WORK INSTRUCTIONS -> With the line containing "子ども達がいろいろなイメージを持って工夫して作ったこいのぼり。" as the final line, restate exactly every line of the data below from the first one onward, and copy no pictures.

SUPPLIED MATERIAL ->

━━━━━━━━

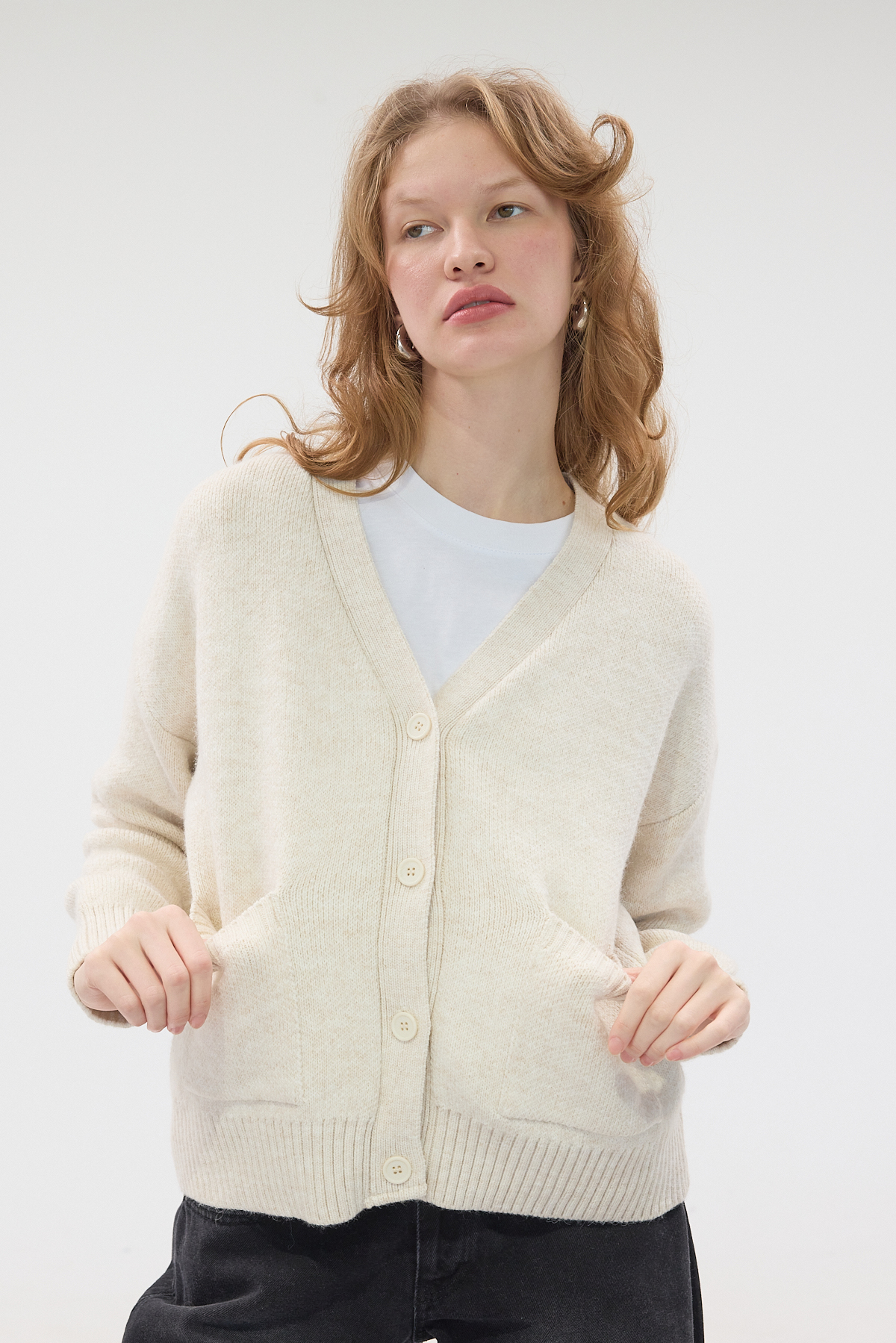 * V yaka, uzun kollu, düşük omuz, düz renk, düğmeli, çift cepli,
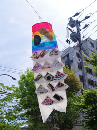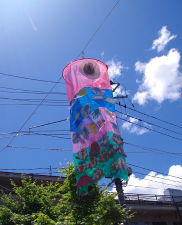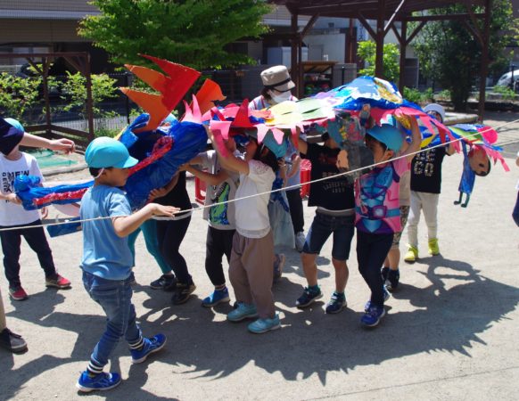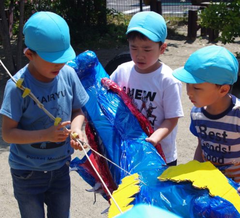子ども達がいろいろなイメージを持って工夫して作ったこいのぼり。
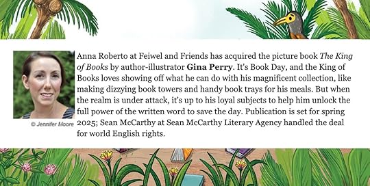 I am beyond excited to share the announcement for my new author/illustrator picture book, THE KING OF BOOKS. Coming in Spring 2025 from Feiwel & Friends. One morning in the summer of 2020 I woke up with a character’s voice and a full plot in my head for a book. This had never happened before! Thank goodness I ran to get paper and a pen. The story changed many times over the course of two years before sending it out on submission, but if I hadn’t jotted it all down and taken a silly idea seriously, it wouldn’t be on its way to being a real book. So the moral is: write it down and allow yourself to play with silly ideas. I’m really looking forward to spending the fall immersing myself in this book and working with my editor to make it the best it can be.

━━━━━━━━

YOUR SOLUTION ->
 * V yaka, uzun kollu, düşük omuz, düz renk, düğmeli, çift cepli,
子ども達がいろいろなイメージを持って工夫して作ったこいのぼり。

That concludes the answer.